--- MATERIALS PROVIDED ---
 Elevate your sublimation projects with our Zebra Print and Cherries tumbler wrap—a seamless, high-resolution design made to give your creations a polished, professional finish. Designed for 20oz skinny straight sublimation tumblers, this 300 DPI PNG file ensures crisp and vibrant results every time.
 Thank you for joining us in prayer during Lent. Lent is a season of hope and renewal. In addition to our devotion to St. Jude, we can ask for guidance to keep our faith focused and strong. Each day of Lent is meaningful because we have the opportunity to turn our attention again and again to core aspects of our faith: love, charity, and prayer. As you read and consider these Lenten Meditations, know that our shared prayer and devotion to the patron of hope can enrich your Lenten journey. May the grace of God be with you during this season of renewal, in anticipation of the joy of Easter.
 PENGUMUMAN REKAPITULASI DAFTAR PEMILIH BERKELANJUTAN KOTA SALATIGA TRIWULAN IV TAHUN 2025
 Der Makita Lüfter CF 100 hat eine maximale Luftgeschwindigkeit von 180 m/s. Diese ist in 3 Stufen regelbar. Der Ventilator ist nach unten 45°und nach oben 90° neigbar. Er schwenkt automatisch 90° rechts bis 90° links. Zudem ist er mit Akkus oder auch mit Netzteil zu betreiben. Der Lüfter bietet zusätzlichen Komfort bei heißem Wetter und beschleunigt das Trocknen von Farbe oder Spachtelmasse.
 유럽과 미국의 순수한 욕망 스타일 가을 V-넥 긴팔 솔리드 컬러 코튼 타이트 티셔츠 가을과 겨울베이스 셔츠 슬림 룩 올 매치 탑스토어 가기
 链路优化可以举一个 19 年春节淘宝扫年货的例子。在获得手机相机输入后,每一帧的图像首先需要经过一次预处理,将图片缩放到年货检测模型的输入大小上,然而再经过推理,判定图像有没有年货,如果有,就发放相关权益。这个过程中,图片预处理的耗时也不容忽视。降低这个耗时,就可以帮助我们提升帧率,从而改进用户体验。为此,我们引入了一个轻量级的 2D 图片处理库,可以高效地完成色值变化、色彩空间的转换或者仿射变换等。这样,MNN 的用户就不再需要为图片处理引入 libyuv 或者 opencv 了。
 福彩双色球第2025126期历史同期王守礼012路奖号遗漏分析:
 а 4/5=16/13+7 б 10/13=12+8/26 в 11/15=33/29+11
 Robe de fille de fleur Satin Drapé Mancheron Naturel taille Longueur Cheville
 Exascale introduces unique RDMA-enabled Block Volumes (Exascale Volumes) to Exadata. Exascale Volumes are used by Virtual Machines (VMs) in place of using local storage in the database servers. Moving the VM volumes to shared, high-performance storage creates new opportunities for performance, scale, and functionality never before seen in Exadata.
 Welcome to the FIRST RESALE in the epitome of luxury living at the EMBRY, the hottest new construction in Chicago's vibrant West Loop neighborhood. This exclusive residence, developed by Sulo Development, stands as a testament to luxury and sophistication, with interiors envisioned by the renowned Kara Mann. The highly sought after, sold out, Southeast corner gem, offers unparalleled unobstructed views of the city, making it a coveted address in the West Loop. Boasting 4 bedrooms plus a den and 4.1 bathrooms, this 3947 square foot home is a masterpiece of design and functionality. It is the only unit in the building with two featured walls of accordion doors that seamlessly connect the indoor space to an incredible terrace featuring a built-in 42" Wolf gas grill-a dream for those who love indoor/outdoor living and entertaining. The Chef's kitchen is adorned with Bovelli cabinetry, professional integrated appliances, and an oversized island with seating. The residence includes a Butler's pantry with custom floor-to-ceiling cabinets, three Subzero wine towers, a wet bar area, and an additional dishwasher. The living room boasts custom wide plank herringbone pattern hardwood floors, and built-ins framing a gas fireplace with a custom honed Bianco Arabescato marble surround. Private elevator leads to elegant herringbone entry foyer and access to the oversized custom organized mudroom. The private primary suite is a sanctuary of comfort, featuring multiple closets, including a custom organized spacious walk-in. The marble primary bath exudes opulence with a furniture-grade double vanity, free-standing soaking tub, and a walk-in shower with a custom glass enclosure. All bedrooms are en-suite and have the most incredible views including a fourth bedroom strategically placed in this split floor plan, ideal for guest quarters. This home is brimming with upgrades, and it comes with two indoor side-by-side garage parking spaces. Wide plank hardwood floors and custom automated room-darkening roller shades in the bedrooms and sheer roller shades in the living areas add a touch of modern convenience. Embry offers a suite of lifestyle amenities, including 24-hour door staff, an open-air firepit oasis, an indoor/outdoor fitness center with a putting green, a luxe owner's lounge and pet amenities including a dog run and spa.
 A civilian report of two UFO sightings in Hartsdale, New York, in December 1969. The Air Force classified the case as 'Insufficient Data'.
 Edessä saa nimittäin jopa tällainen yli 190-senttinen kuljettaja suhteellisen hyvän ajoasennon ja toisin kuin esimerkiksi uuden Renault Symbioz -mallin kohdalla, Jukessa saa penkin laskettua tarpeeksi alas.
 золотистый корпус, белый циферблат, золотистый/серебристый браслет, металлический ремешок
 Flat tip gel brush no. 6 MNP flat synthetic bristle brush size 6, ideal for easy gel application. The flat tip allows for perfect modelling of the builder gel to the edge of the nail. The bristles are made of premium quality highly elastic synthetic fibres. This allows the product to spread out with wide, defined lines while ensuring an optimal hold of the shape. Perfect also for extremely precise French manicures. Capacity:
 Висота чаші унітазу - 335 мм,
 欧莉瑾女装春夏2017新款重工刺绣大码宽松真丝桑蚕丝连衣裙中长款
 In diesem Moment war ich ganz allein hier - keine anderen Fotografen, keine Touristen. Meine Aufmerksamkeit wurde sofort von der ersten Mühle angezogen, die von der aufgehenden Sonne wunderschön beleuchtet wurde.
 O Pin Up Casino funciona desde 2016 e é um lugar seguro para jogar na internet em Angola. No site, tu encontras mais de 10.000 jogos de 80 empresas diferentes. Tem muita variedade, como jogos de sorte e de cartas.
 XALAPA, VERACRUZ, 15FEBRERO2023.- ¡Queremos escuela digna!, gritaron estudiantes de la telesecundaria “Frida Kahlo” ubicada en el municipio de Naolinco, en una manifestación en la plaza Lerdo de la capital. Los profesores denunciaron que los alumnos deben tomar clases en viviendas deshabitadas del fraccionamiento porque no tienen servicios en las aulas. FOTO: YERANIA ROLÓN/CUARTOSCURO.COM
---
-- EXERCISE GOAL --
Above are the records. Copy the lines beginning at the one that has "а 4/5=16/13+7 б" and ending with the one that has "Robe de fille", unchanged.

-- SOLUTION TO THIS TASK --
 а 4/5=16/13+7 б 10/13=12+8/26 в 11/15=33/29+11
 Robe de fille de fleur Satin Drapé Mancheron Naturel taille Longueur Cheville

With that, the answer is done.